Editorial Archive
Portrait of Ann Lowe

Ann Lowe

1898 — 1981 · Clayton-born American couturier; designer of the Jacqueline Bouvier wedding dress of the twelfth of September 1953; principal Black couturier of the New York debutante and society wedding tradition of the 1940s through 1960s

Ann Cole Lowe was born on the fourteenth of December 1898 at Clayton, Alabama, the daughter of Jack Lowe — a Black Alabama farmer — and Janie Cole Lowe — a Black Alabama dressmaker who designed for the wives of the Alabama state legislators of the post-Reconstruction Montgomery period. She was raised in the dressmaking household of her mother and grandmother — the principal Black dressmaking household of post-Reconstruction Montgomery.

She was trained by her mother and grandmother in the principal dressmaking techniques of the post-Reconstruction Alabama Black modiste tradition — including hand-rolled hems, hand-set sleeves, and the principal silk-and-organza dressmaking of the southern aristocratic wedding tradition.

She was hired in 1917 at the Tampa home of the heiress Josephine Edwards Lee as principal in-residence dressmaker — and operated the principal Lee household private atelier at Tampa from 1917 to 1928.

She completed the principal S.T. Taylor Design School at New York in 1919 — at a segregated programme in which she was instructed in a separate classroom from the white students.

She opened her first principal commercial atelier at 138 Lexington Avenue at New York in 1928 — and operated the principal Lexington Avenue atelier from 1928 to 1944.

She relocated the principal Ann Lowe atelier to the Hampton House Hotel at Lenox Avenue at Harlem in 1944 — and operated the principal Hampton House atelier from 1944 to 1953.

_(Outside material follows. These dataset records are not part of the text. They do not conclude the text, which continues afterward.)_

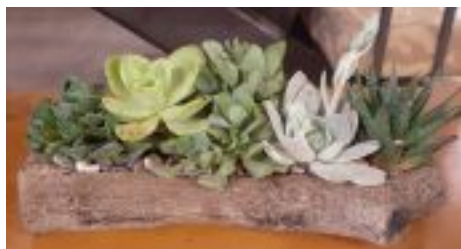
Another birthday delivery for someone special.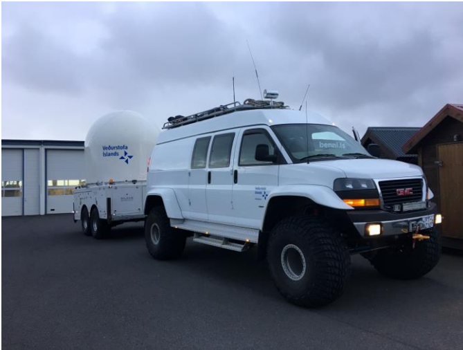
Specially adapted truck to take mobile radar off road. 25 September 2016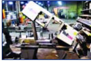
WELL-SAW, MDL. 1118

She was commissioned in the spring of 1953 by the Auchincloss family to design the principal wedding dress of Jacqueline Lee Bouvier for the wedding to Senator John F. Kennedy of the twelfth of September 1953 at Newport, Rhode Island. The principal Bouvier wedding dress — fifty yards of ivory silk taffeta with handmade wax flowers — was completed across the four months preceding the wedding. The Lowe atelier was flooded ten days before the wedding, destroying the dress and ten of the eleven bridesmaid dresses. Lowe reconstructed all eleven gowns in the remaining ten days at her own expense.

She opened the principal Ann Lowe Originals atelier at Madison Avenue at New York in 1968 and operated the principal Madison Avenue atelier through 1972.

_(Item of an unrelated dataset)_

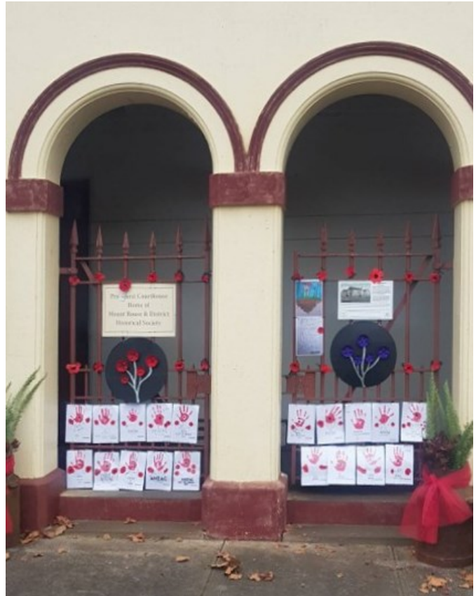
Above: ANZAC Day Tribute on the Gates of the Peshurst Court House

She was the principal couturier of the New York debutante and society wedding tradition of the 1940s through 1960s — including the principal wedding gowns of the Du Pont, Auchincloss, Roosevelt, and Lodge family weddings of the period.

She died at Queens, New York on the twenty-fifth of February 1981 of natural causes, at eighty-two.

She is honored here as the designer of the Jacqueline Bouvier wedding dress.

Curated with honor.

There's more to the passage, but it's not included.